I am starting programming with CUDA but I am facing a very hard to fix problem: After some time the systems gives the error:
NVRM: GPU at 0000:03:00.0 has fallen off the bus
And the computer needs to be powered off to detect again the nVidia card.
At first I though it was a fault in my code: If I ran the same executable for 1000 times, the first 200 iterations were OK giving the same output, but then the system gave the aforementioned error and all the remaining iteration were giving errors. I then took the matrixMul example from cuda, compiled it, and ran it 1000 times. The same error happened around iteration 200!. That pointed me to some driver problem.

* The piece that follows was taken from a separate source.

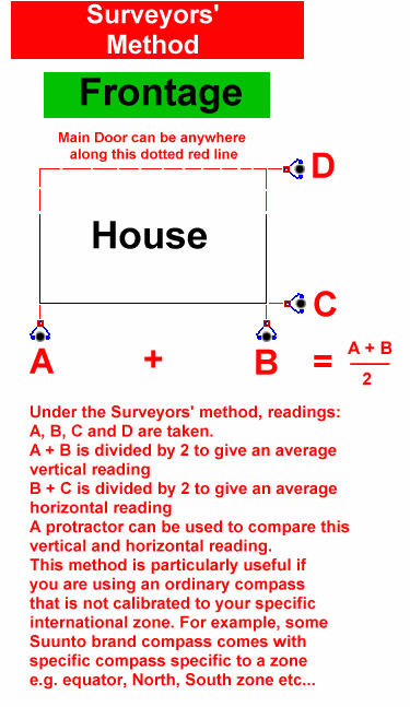Take a compass reading from Point A to B. This will give you a compass reading of the Wall where your main door is located. Asumming that the degree you take is 88 Degree as in the diagram above.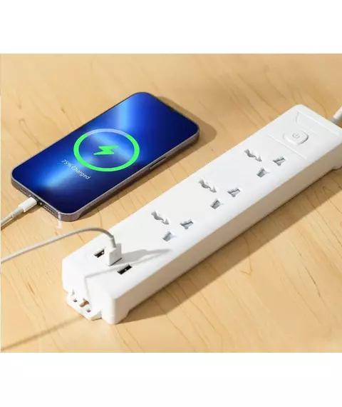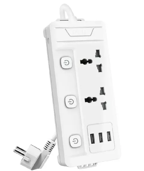 Сетевой фильтр Deli ET409 2м (2 розетки) белый (пакет ПЭ)

Therefore, and unfortunately without any success, I tested the same procedure with:
- Several drivers, some old (which google results stated could fix the problem), the latest long lived, the latest experimental, beta, etc.
- Cuda 5 and cuda 4.2 with the aforementioned drivers
- I booted on text only without
- I removed xorgserver completely
- Enabled persistent mode.
None of the previous worked.
Please remember the very simple test: I compile the matrixMul example and run the executable for 1000 times. I tested this also on my macbook pro and everything went fine (although of course different SO, card, etc). I am clueless right now. What I haven’t tested yet:
- Another kernel version.
- Another linux distribution.
This is my system info:
Current driver version : 313.30
Ubuntu kernel : 3.2.
g++ version : 4.6
nVidia Card : Quadro 4000 (GF 100)
I am compiling with the simple make command, following exactly the examples without modifying them.
Please, if you have any suggestion, let me know.
Thanks in advance.